A Comparison of Dystopian Nightmares and Utopian Dreams: Two Paths in Science Fiction Literature That Both Lead to Humanity's Loss of Empathy
Abstract
Science fiction literature has long dreamed of extravagant utopias and dreaded nightmarish dystopias. Authors from the birth of the genre to more current times find the erosion of empathy to be the downfall of either extreme form of society. On the one hand, George Orwell's tyrannical climate of Nineteen Eighty-Four (1961) may seem worlds away from the hedonistic faux-paradise of Aldous Huxley's Brave New World (1932) or the fallen society of Margaret Atwood's attempted-utopia turned dystopia in Oryx and Crake (2004). However, whether a fictional world is allowed to go too far into utopian dreams through drug use, hyper-sexualization and the like, or whether it is all repressed into a dark authoritarian regime, members of each societal type undergo a loss of empathy which eventually becomes the downfall of civilization.
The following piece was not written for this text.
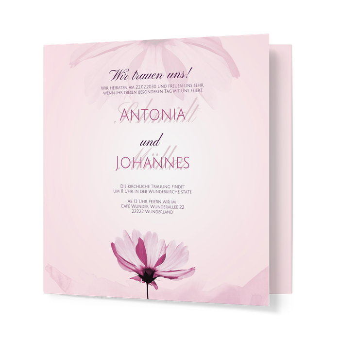 Eine Hochzeitseinladung verlangt weiche Farben und Formen. Die zarte Blume in Rosa entspricht genau dieser Anforderung und wird abgerundet mit einem Foto des Brautpaares.

It is notable as well that in both novels where science progresses rapidly without the check of ethics, and in literature where androids or modified human beings become too advanced for mankind to keep in the confines of a lawful society, it is the lack of empathy that causes death, destruction, and/or social disconnection and psychopathy. Though the pleasurable aspects of utopian classics and the unpleasant facets of dystopian books appear at first to be polar opposites, they indeed both reflect a society that is losing its sense of empathy and which is collapsing.